DATA BLOCK:
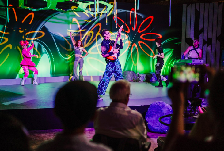 INside this lifelike 'on-set' atmosphere, visitors became extras, mingling with actors as participants of a show within a show, as they joined scenes being acted out before a retro camera, lighting and sound crew. Disco dance scenes, inflatable monsters, and a musical cast of colourful aliens and astronauts captivated the audience, achieving an engagement rate of 95%.
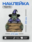 Дизайн: Мультяшная ведьма с тыквой, метлой и мышью. — идеально подходит для декора и восстановления одежды.
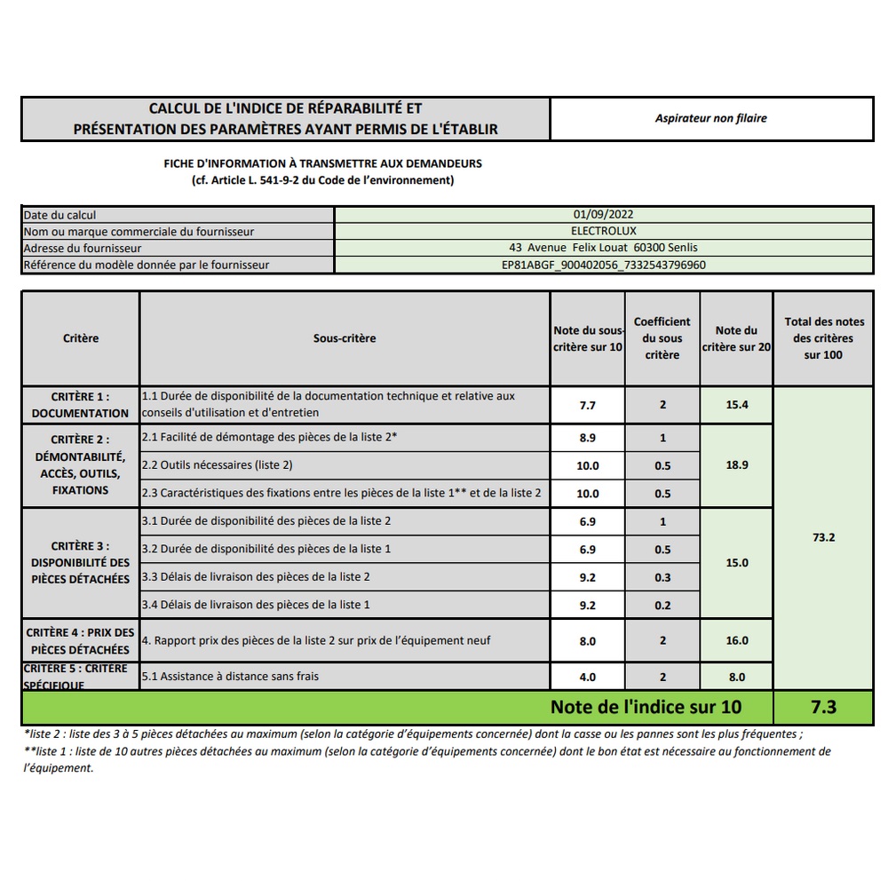 Indice de réparabilité 7,3 / 10
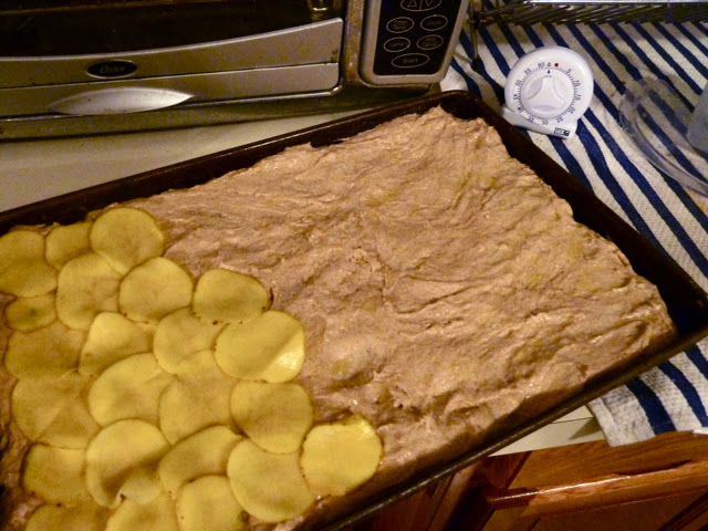 I started with making a batch of my foolproof pizza dough. The same time I made that I used my fancy-pants mandolin (thank you Discover points!) to slice up three potatoes on the 1/8 inch setting. After referring to about 82 recipes to get my bearings, I threw the potatoes into an icy salt water brine and let them soak for the 1 1/2 hours that the pizza dough was rising. Then I stretched the dough out on sheet pan and layered the potatoes on top.

ABOUT THIS EXERCISE: Nothing but the pictures is to be left out; repeat the data exactly.

ANSWER AREA:
 INside this lifelike 'on-set' atmosphere, visitors became extras, mingling with actors as participants of a show within a show, as they joined scenes being acted out before a retro camera, lighting and sound crew. Disco dance scenes, inflatable monsters, and a musical cast of colourful aliens and astronauts captivated the audience, achieving an engagement rate of 95%.
 Дизайн: Мультяшная ведьма с тыквой, метлой и мышью. — идеально подходит для декора и восстановления одежды.
 Indice de réparabilité 7,3 / 10
 I started with making a batch of my foolproof pizza dough. The same time I made that I used my fancy-pants mandolin (thank you Discover points!) to slice up three potatoes on the 1/8 inch setting. After referring to about 82 recipes to get my bearings, I threw the potatoes into an icy salt water brine and let them soak for the 1 1/2 hours that the pizza dough was rising. Then I stretched the dough out on sheet pan and layered the potatoes on top.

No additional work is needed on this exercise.